Желаю вам здоровья и сил писать.
Любящий вас Л. Толстой.
Вчера получил письмо от Маши Кузминской. Она пишет, что вы удивляетесь на мое молчание. Пожалуйста, простите и за молчанье, и за просьбу о статье, и еще новую. Некто Богомолец, врач, жена которого на каторге по делу Киевскому политическому в 1881 году, просит, чтоб ему разрешено было приехать в Петербург хлопотать о том, чтобы поехать к жене (она кончает каторгу и должна высылаться на поселение). Ему же, мужу, хотя и не судившемуся, запрещен, вследствие его знакомств, въезд в столицы
*.
Не можете ли исходатайствовать через кого-нибудь это разрешение. Он основательно говорит, что необходимо быть самому. Он прошлого года просил и был у Дурново.
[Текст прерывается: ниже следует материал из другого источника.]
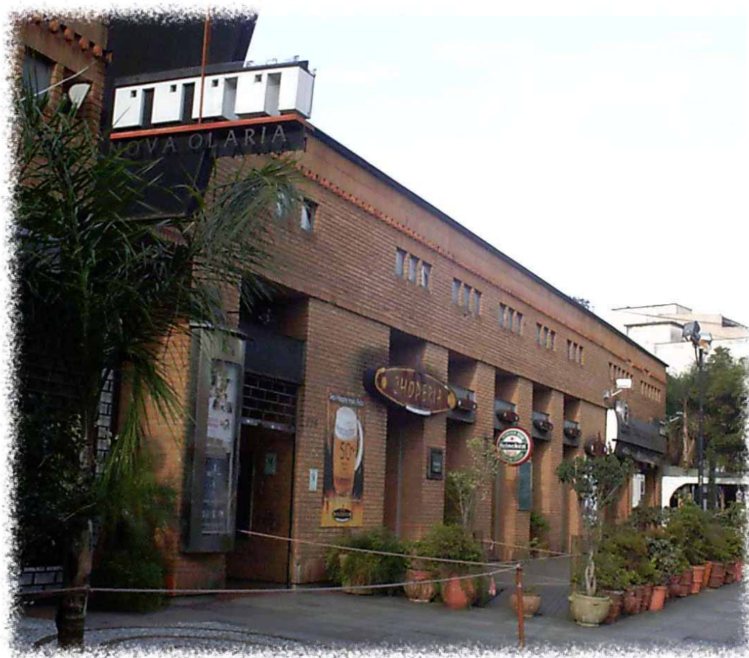
Figura 1: Shopping Nova Olaria , domingo, inverno de 2007.

Localizado no 'coração' do Bairro Cidade Baixa , o Shopping Nova Olaria reúne bares, restaurantes, lojas de vestuário, uma livraria e salas de cinema. O cinema é um dos pontos fortes do Shopping , com uma programação variada, considerada alternativa, pois, na maioria das vezes, exhibe produções fílmicas independentes ou filmes europeus, fora do circuito de produção estadunidense. Dentro do espaço destinado ao cinema encontra-se o Café Guion , com decoração temática voltada para o cinema. A livraria é ponto de encontro de intelectuais, estudantes e professores das diversas áreas do conhecimento. Quanto à gastronomia, o Shopping conta, inclusive, com uma casa de fondue e, no inverno, é possível ocupar as mesas na área externa, pois aquecedores presentes no local, lareira e velas criam, 'uma atmosfera europeia' ao lugar.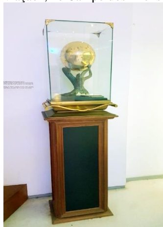
Figura 2 — Escrínio que contém o coração de Eduardo Gomes, situado no Museu Aeroespacial, na sala “Primórdios da Aviação”, no Campo dos Afonsos, Rio de Janeiro.

Além disso, o Museu Aeroespacial (MUSAL), localizado no Campo dos Afonsos, no Rio de Janeiro, contém, na sala “Primórdios da Aviação”, uma escultura de bronze que representa a figura mitológica de Ícaro 12 , sobre uma base retangular de granito, a qual sustenta uma esfera em metal dourado no interior da qual está o coração de Eduardo Gomes, conservado em líquido químico apropriado. A escultura fica dentro de uma vitrine de cristal transparente, sobre uma coluna de jacarandá. 13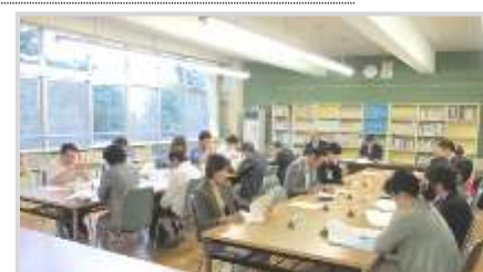
第3回統合協議会 (末広中 図書室)

平成27年6月11日 第2回学校づくり部会 平成27年6月18日 第1回校名・校歌・校章に関する部会 平成27年7月15日 第3回統合協議会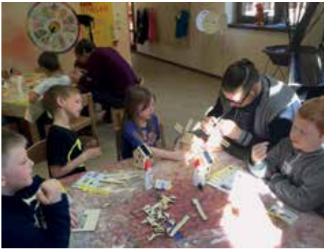
Kath. Kita Merchweiler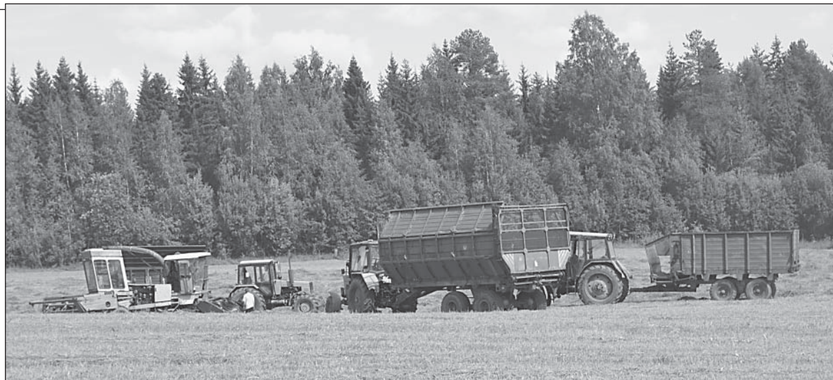
Заготовка кормов идет слаженно. Почти вся техника в поле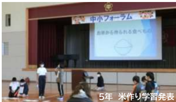
5年 米作り学習発表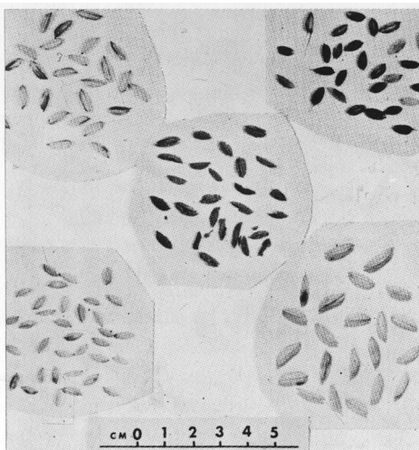
เมล็ดข้าว 5,000-7,000 ปีมาแล้ว จากถ้ำปุงสูง จ. แม่ฮ่องสอน (กลุ่มกลาง) เปรียบเทียบพันธุ์ข้าวปัจจุบันทางภาคตะวันออกเฉียงเหนือของประเทศไทย

นอกจากกินข้าวเป็นอาหารหลักแล้ว ผู้คนยุคนี้อย่างแสวงหาของกินจากความหลากหลายทางชีวภาพตามธรรมชาติของสุวรรณภูมิด้วย จากการขุดค้นทางโบราณคดีพบว่ามีกระดูกสัตว์และซากพืชพันธุ์ฝังรวมในหลุมศพ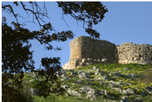
Τείχος Δυμαίων.

Έχοντας ολοκληρώσει την γνωριμία μας με τα βόρεια όρια της προστατευόμενης περιοχής, επιστρέφουμε στα Μαύρα Βουνά και κατευθυνόμαστε ανατολικά στην παραλία Καλογριά . Την εποχή τούτη είναι ερημική η περιοχή. Την θερινή περί-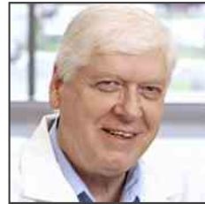
Dr. Hamilton Smith (geb. 1931, USA)

1988 - Nobelpreis für Chemie (Aufklärung der dreidimensionalen Struktur des photosynthetischen Reaktionszentrums)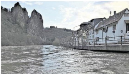
Knapp dran, aber diesmal kein Landunter am Kapitän-Lorenz-Ufer in Bad Münster am Stein-Ebernburg. Dieser Naheabschnitt ist von jeher fluterprobt.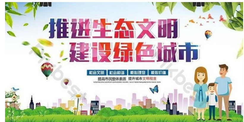
Affiche de propagande pour la « Civilisation Écologique » du Parti Communiste Chinois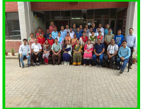
पी जी टी कम्प्यूटर विज्ञान हेतु कार्यशाला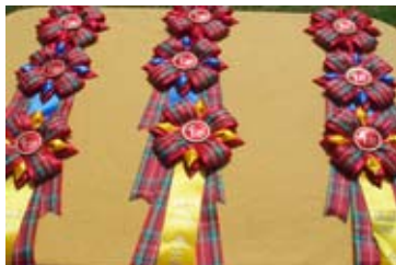
Flotte rosetter til de tre bedste i hver præmie-gruppe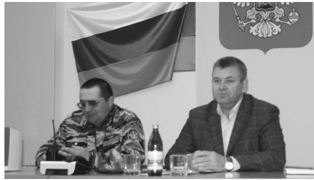
■ В ЛИУ 21

Сотрудники учреждений смогли задать главе города волнующие их вопросы. А это ремонт кровли, установка детской игровой площадки, очист-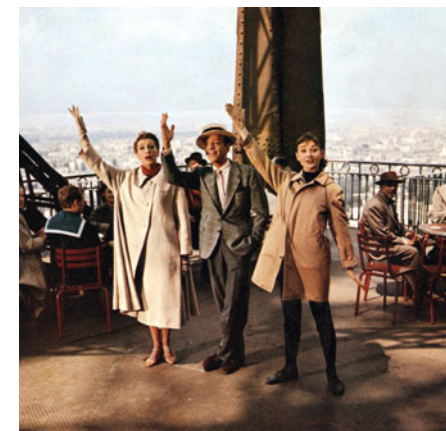
Drôle de frimousse de Stanley Donen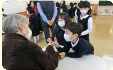
維新小学校と昭和小学校1・2年生が英語の合同授業を行いました。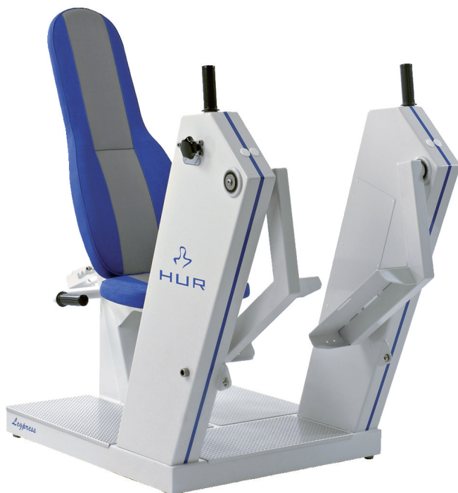
Produkt-Nr.: 5540 Breite: 85 cm, Länge: 145 cm, Höhe: 135 cm, Gewicht: 110 kg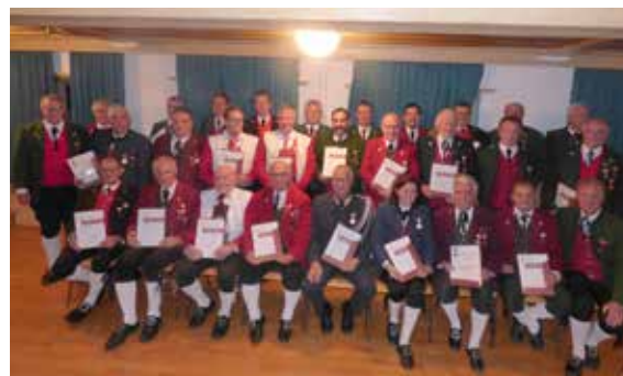
Bezirk Bregenz - 40/50/60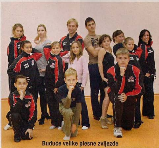
Buduće velike plesne zvijezde

Dm Dance Grand Prix 2007, u organizaciji Plesnog studija Spin i pod pokroviteljstvom dm-a, održat će se u subotu 24. studenoga u ŠD Trešnjevka (Kutija šibica), s početkom u 12 sati, dok je finale u 19 sati. Riječ je o međunarodnom HŠPS bodovnom turniru u standardnim i latinsko-američkim plesovima, a očekuje se nastup gotovo 300 plesnih parova iz Hrvatske i još desetak europskih zemalja. Ulaznice se mogu kupiti od 19. do 24. studenoga na blagajni Kutije šibica od 16 do 19 sati.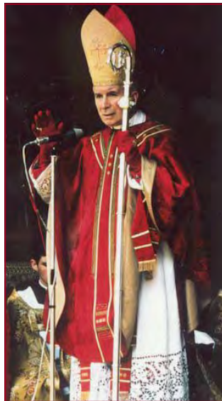
Monseigneur Lefebvre à Lille en 1976

Et c'est parce que l'on sait que ces prêtres seront fidèles à la messe de l'Eglise, à la messe de la Tradition, à la messe de toujours, qu'on nous presse de ne pas les ordonner. Je n'en veux pour preuve que ce fait: six fois depuis trois semaines, six fois on nous a demandé de rétablir des relations normales avec Rome et, comme témoignage, de recevoir le rite nouveau et de le célébrer moi-même. On est allé jusqu'à m'envoyer quelqu'un qui m'a offert de concélébrer avec moi dans le rite nouveau, afin de manifester que j'acceptais volontiers cette nouvelle liturgie, et qui m'a dit que, de ce fait, tout serait aplani entre nous et Rome. On m'a mis dans les mains un missel nouveau, en me disant: "Voilà la messe que vous devez célébrer et que vous célébrerez désormais dans toutes vos maisons." On m'a dit éga-

Ему обещали и потом отказали. Нужно надоедать, а то забудут. Александра Михайловича я просил, но он отказался помочь мне
*. Поэтому вы ему не говорите. А если у вас нет других путей, то можно бы через Александру Андреевну Толстую. Ну простите.
Ваш Л. Толстой.
155. П. А. Гайдебурову
1890 г. Ноября 14. Ясная Поляна.
Дорогой Павел Александрович!
Я предложил Льву Павловичу Никифорову перевести по-русски роман Эдны Лайэль «Донаван», и он согласился на это и переводит или уже перевел его. Роман этот интересен по серьезности содержания: этический и религиозный вопрос в их взаимных отношениях
*. Это роман вроде «Роберта Эльсмера»
* и, по-моему, даже лучше его. Что перевод хорош, в этом я не сомневаюсь, потому что знаю, что Никифоров вполне владеет и тем и другим языком.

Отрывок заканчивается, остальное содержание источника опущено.